My general assumption is that 80%+ of people have ambigious complicated morals. Only a few 'extremists' are really going to stand out as having a definite ideology. Rorschach is definately an 'extremist' and since he isn't an extremist about 'maintaining the balance', I think we have to throw out neutrality as a likely candidate.

Am I chaotic only in as much as I stubbornly maintain that I can, for myself, adequately judge whether I am adhering to that code? Am I only lawful if I allow others' interpretations of that code and my actions to help determine whether I am in accordance with it? I am still chaotic if I maintain that I am the final judge of my adherence but admit to my shortcomings when they are pointed out by others?

The lawful would argue thusly, "Suppose everyone was allowed to judge for themselves whether they were adhering to that code? If everyone was there own judge, then each individual could interpret the code differently, and no one could judge whether they had done so rightly or wrongly. In such a situation, there could be no order. In such a situation, no one could say that they have rightful authority, nor could they ever issue a decree with the expectation that it would be obeyed. Such a situation would be indistinguishable from anarchy where everyone made their own laws, and held themselves to be the judge."

I think of this as the Martin Luther question. Was Luther chaotic for maintaining that the church authorities were incorrect in their interpretation of scripture (i.e. he relied on his own instincts/conscience/reason rather than on their judgment) and rebelling against them?

I love how you see the heart of the problem clearly. In some cases, we can only answer the question if we know who was right. If Luther was wrong and the church was right, then clearly he is a rebel and clearly his loyalty lies to his own conscious. But if Luther was right and the church was wrong, then its quite possible that it's Luther's loyalty which is true and pure, and the church is the rebel with a corrupt loyalty to its own self-interest.

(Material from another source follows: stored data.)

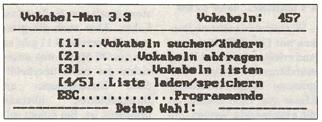 Diese Anwendung ist mit Turbo Pascal geschrieben und verrichtet daher seinen Dienst in bemerkenswerter Geschwindigkeit. In Vokabeldateien können Sie wie in einem Lexikon blättern, bestimmte Wörter automatisch suchen und sich selbst zur Kontrolle abfragen. Wörterdateien können Sie natürlich beliebig erweitern. Am Ende einer Abfragelektion wird Ihre Leistung bewertet.
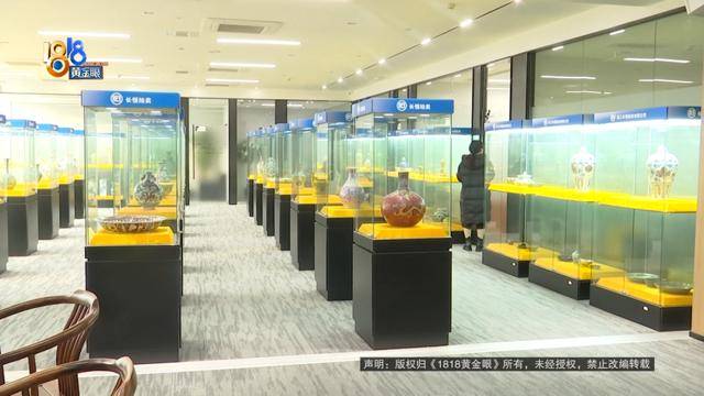 公司里有不少展柜放着瓷器、钱币等
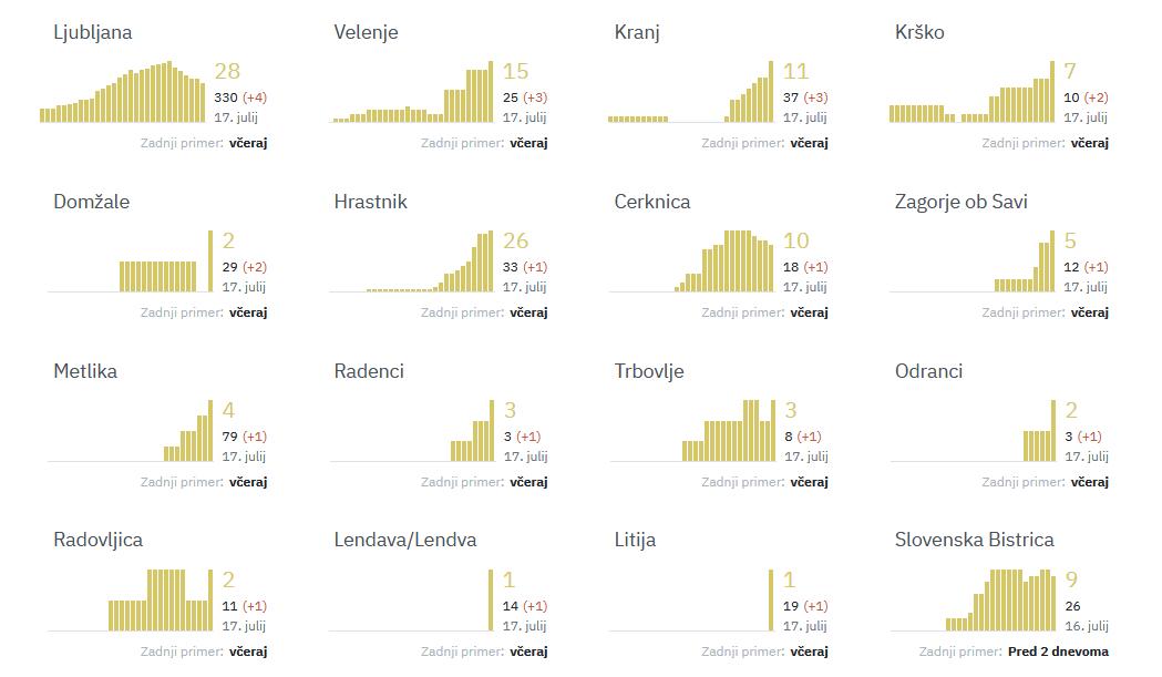 Največ pozitivnih testov so včeraj potrdili v Ljubljani, in sicer štiri, sledijo Velenje in Kranj s tremi okužbami ter Krško in Domžale z dvema. Po eno okužbo so zabeležili še v občinah Hrastnik, Litija, Zagorje ob Savi, Trbovlje, Radovljica, Cerknica, Metlika, Radenci, Ordanci in Lendava.
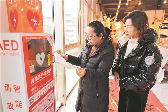 近日,建德市衛(wèi)健局工作人員(左)在商場內(nèi)查看AED設(shè)備維護(hù)記錄。
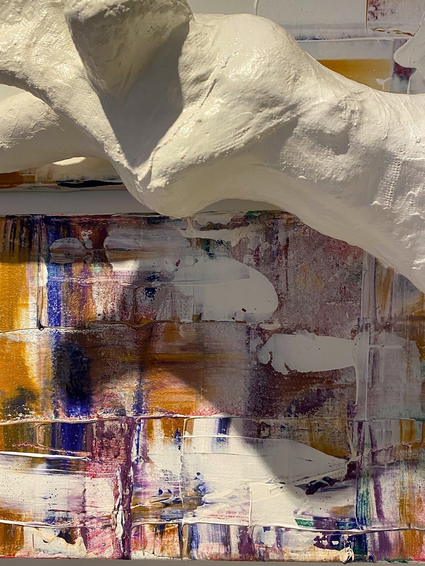 This artwork combines layered abstract painting with an organic, sculptural form. Earth tones and subtle gold accents create depth and texture, while the white figure detaches from the surface and suggests movement. The work embodies transformation and tension between silence and growth, inviting personal interpretation.
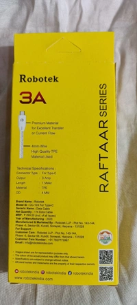 Robotak DC-109 Type-C Fast Cable 3Amp 5 Manth Warranty
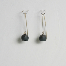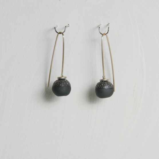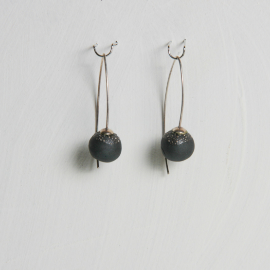 2 boules de porcelaine noire partiellement constellisées sont montées sur des tiges en argent massif.

My position on Luther is too complicated to go into here in much detail, but I would say that the crux for me are two things. First, that Luther was unwilling to become a martyr, and secondly that judged by his fruit, Luther followers had a spirit of contention, division, and strife we would not expect of Lawful minded people. Finally, it's quite possible that both the Luther and the Church were wrong at some levels. (Lest anyone think I'm being too judgmental here, I should say I'm a Protestant myself. Please don't jump me in defense of your personal beliefs, to which I'm probably quite sympathetic, in this forum.)

Or, was he lawful because he was a firm believer in a objective higher law, and, as a servant of that law, attempted to correct the inconsistency?

I think he certainly saw himself in this way, but we aren't always the best judges of ourself. I think personally, he's was a Chaotic follower of his own consciousness who'd been set off by some very hypocritical (and 'not good') actions on the part of those with lawful authority. There are of course other possibilities, but the evidence we would need to make a definitive statement is invisible too us.